A government report on the impact to the U.S. economy of an Asia-Pacific free trade deal confirms what the National Pork Producers Council and other agricultural and business groups have known: The Trans-Pacific Partnership agreement will be good for U.S. agriculture, U.S. businesses and the U.S. economy.
The TPP, negotiations on which were initiated in late-2008 and concluded last October, is a regional trade deal that includes the United States, Australia, Brunei Darussalam, Canada, Chile, Japan, Malaysia, Mexico, New Zealand, Peru, Singapore and Vietnam, which account for nearly 40% of global GDP. The countries combined have more than 800 million consumers.

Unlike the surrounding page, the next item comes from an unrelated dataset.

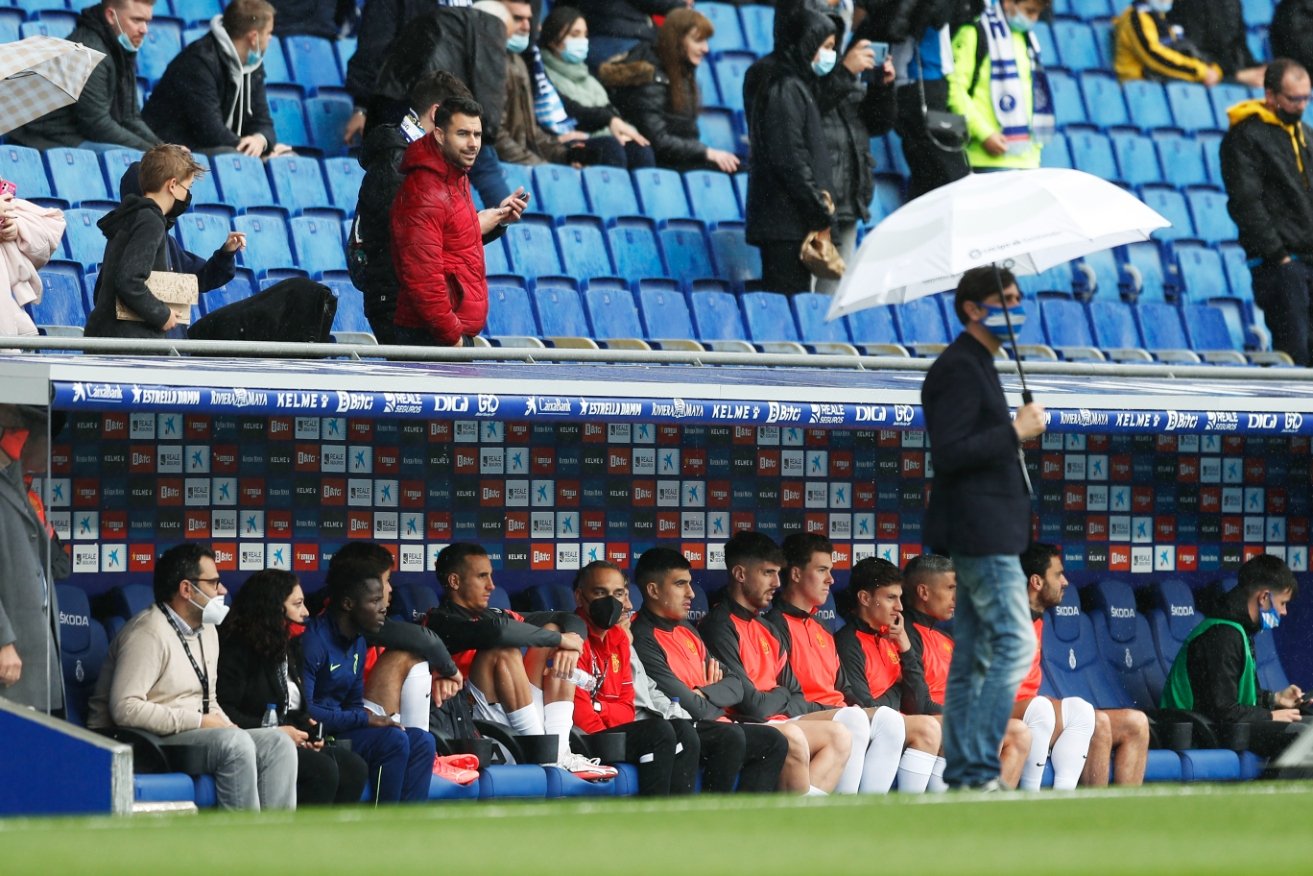 控えとなった久保をベンチで撮影すると、ひさしからこぼれ落ちる雨を気にしているようでした。また、5連敗中のマジョルカ、ルイス・ガルシア監督は、カメラを見つけると笑みを浮かべて余裕の表情でした。
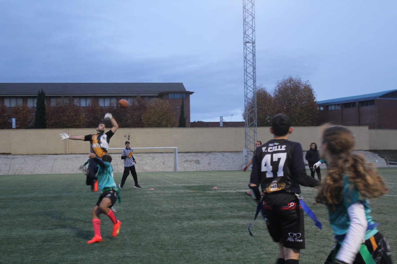De esta forma, Saiyans en su primer drive finalizaba con touchdown, corriendo Álex Pastor, y extra de “Baru”. Esta historia se repetiría en dos ocasiones más de la primera parte. Spartans, con Julieta Luque de QB, asistiendo sobre todo a Álex León y Adrián Murillo, se quedaban constantemente cerca del primer down, pero sin conseguirlo. Y Saiyans lo aprovechaba para ya irse en el marcador. Dos espectaculares touchdowns en las profundidades de la endzone conseguiría Juan Gallego, y una conversión haría Ángela, para poder irse ganando los Saiyans por 20-0 al descanso.

“The TPP will benefit American consumers, workers, businesses, farmers and ranchers, and we’re confident it will provide enormous new market opportunities for high-quality U.S. pork products,” said NPPC President John Weber, a pork producer from Dysart, Iowa. “America’s pork producers strongly support the TPP, and we urge Congress to quickly pass it.”

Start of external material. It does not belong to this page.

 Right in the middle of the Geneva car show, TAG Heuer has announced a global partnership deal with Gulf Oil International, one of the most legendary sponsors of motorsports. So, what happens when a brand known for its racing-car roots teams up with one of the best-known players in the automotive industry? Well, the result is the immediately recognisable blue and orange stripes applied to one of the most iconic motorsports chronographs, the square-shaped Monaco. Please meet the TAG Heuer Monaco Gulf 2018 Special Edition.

NPPC, which has been a leading voice in support of the TPP, believes the deal could be the “biggest commercial opportunity ever for U.S. pork producers.” Iowa State University economist Dermot Hayes estimates the agreement will exponentially increase U.S. pork exports to the Asia-Pacific region and help create more than 10,000 U.S. jobs tied to those exports.
According to a report released yesterday by the U.S. International Trade Commission, the TPP agreement is estimated to increase annual U.S. GDP by nearly $43 billion and to create almost 128,000 U.S. jobs by 2032, the year the agreement will be fully implemented. U.S. agricultural exports would rise by about $7.2 billion a year. The report estimates that 10 years after implementation, annual GDP would be $67 billion and 174,000 jobs will have been created.
► The Commission used a dynamic computable general equilibrium model to determine the impact of TPP relative to a baseline projection that does not include TPP. The model estimated that TPP would have positive effects, albeit small as a percentage of the overall size of the U.S. economy. By year 15 (2032), U.S. annual real income would be $57.3 billion (0.23%) higher than the baseline projections, real GDP would be $42.7 billion (0.15%) higher, and employment would be 0.07% higher (128,000 full-time equivalents). U.S. exports and U.S. imports would be $27.2 billion (1.0%) and $48.9 billion (1.1%) higher, respectively, relative to baseline projections. U.S. exports to new free-trade agreement partners would grow by $34.6 billion (18.7%); U.S. imports from those countries would grow by $23.4 billion (10.4%).
► Among broad sectors of the U.S. economy, agriculture and food would see the greatest percentage gain relative to the baseline projections; output would be $10.0 billion, or 0.5 percent, higher by year 15. The services sector would benefit, with a gain of $42.3 billion in output. Output in manufacturing, natural resources, and energy would be $10.8 billion (0.1%) lower with the TPP agreement than it would be compared with baseline estimates without the agreement.
► Many stakeholders consider two new electronic commerce provisions that protect cross-border data flows and prohibit data localization requirements to be crucial to the development of cross-border trade in services, and vital to optimizing the global operations of large and small U.S. companies in all sectors.
► TPP would generally establish trade-related disciplines that strengthen and harmonize regulations, increase certainty, and decrease trade costs for firms that trade and invest in the TPP region. Interested parties particularly emphasized the importance of TPP chapters addressing intellectual property rights, customs and trade facilitation, investment, technical barriers to trade, sanitary and phytosanitary standards, and state-owned enterprises.
“The USITC report confirms what we’ve known about the benefits of an agreement that eliminates tariff and non-tariff barriers to our products,” Weber said. “Not only will the TPP level the playing field for U.S. exports and, in fact, expand them, but it has the potential to become even bigger. For all intents and purposes, the agreement has become the global vehicle for free trade.”
A number of other countries in the region, including South Korea and the Philippines, already have indicated an interest in joining the TPP.
NPPC has expressed concern about a U.S. delay in approving — or even a rejection of — the trade agreement, pointing out that other countries are negotiating free trade deals in the Asia-Pacific region, including the China-led, 16-nation Regional Comprehensive Economic Partnership.
“The U.S. needs to act more quickly to get the TPP approved and implemented,” said Weber. “If we delay, we fall behind. And we certainly cannot afford either economically or geopolitically to walk away from the fastest growing region in the world.”